The discovery may pave the way for potential new strategies to treat the blood disorders and further illuminates the relationship between inflammation and cancer, said lead investigator Nadia Carlesso, associate professor of pediatrics at the Indiana University School of Medicine.
Bone marrow includes the cells that produce the body's red and white blood system cells in a process called hematopoiesis.
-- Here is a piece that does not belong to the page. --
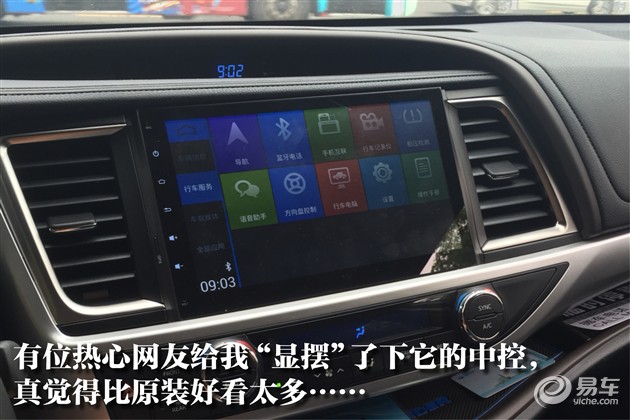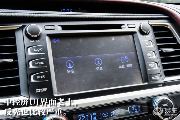 丰田似乎一直对“科技感”不感冒,新汉兰达亦然。中控屏幕功能齐全但界面UI有点倒胃口,遭遇强光也很难看清。分布于屏幕两边的触摸按键与旋钮也比较老气,很难跟得上外观的洋气。

The marrow also provides a support system and "home" for the blood-producing cells called the hematopoietic microenvironment.
The new research demonstrates the importance of the hematopoietic microenvironment in the development of a group of potentially deadly diseases called myeloproliferative disorders.
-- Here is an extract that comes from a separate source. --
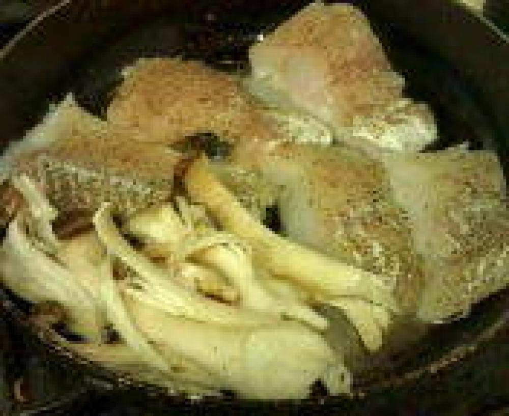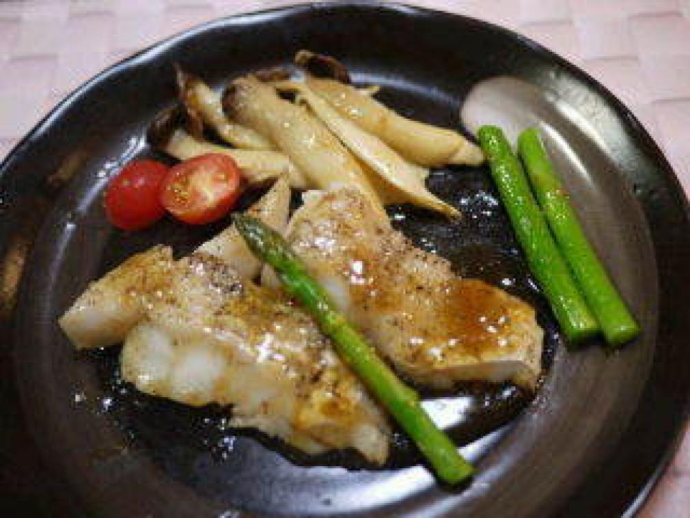 ![]() 熱したフライパンにオリーブオイルを入れタラを両面焼く。(この時エリンギも一緒に焼き、途中でアスパラも入れる)

"It has been known for years that there are links between inflammation and cancer, but these studies have been challenged by the lack of genetic models, especially for blood-based malignancies," said Carlesso.
The researchers focused on what happens when there are abnormally low levels of a molecule called Notch, which plays an important role in the process of blood cell production.
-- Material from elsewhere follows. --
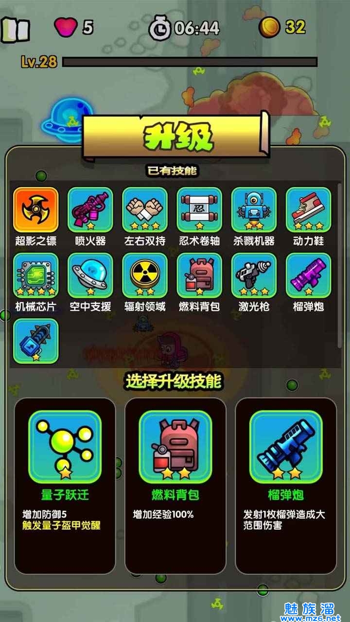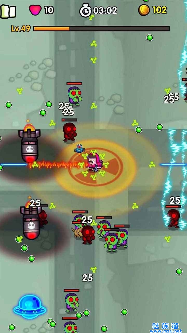 4.游戏风格的画面中,进行激烈的战斗,击败各种类型的僵尸。

Using a genetically modified mouse, they found that the loss of Notch function in the microenvironment causes a chain of molecular events that result in excess production of inflammatory factors.
The high levels of inflammation in the bone marrow were associated with the development of a myeloproliferative disorder in the mice.
Myeloproliferative diseases in humans can result in several illnesses caused by overproduction of myeloid cells, which are normally are used to fight infections.
These diseases can put patients at risk for heart attack or stroke, and frequently progress into acute leukemia and bone marrow failure, which have fatal outcomes.
When Carlesso's team blocked the activity of one of the molecules in this biochemical cascade, the myeloproliferative
disorder in the mice was reversed.
In addition, elevated levels of the blocked molecule were found in samples from human patients with myeloproliferative disease.
These findings suggest that developing drugs that target this inflammatory reaction at different key points could be a promising strategy to limit the development of myeloproliferative disease in humans.
The molecular cascade leading to inflammation was not occurring directly in the bone marrow cells that produce blood
cells, but in cells of the bone marrow microenvironment, especially in endothelial cells that line the capillaries - tiny blood vessels - inside the bone marrow. This was a key discovery, Carlesso said.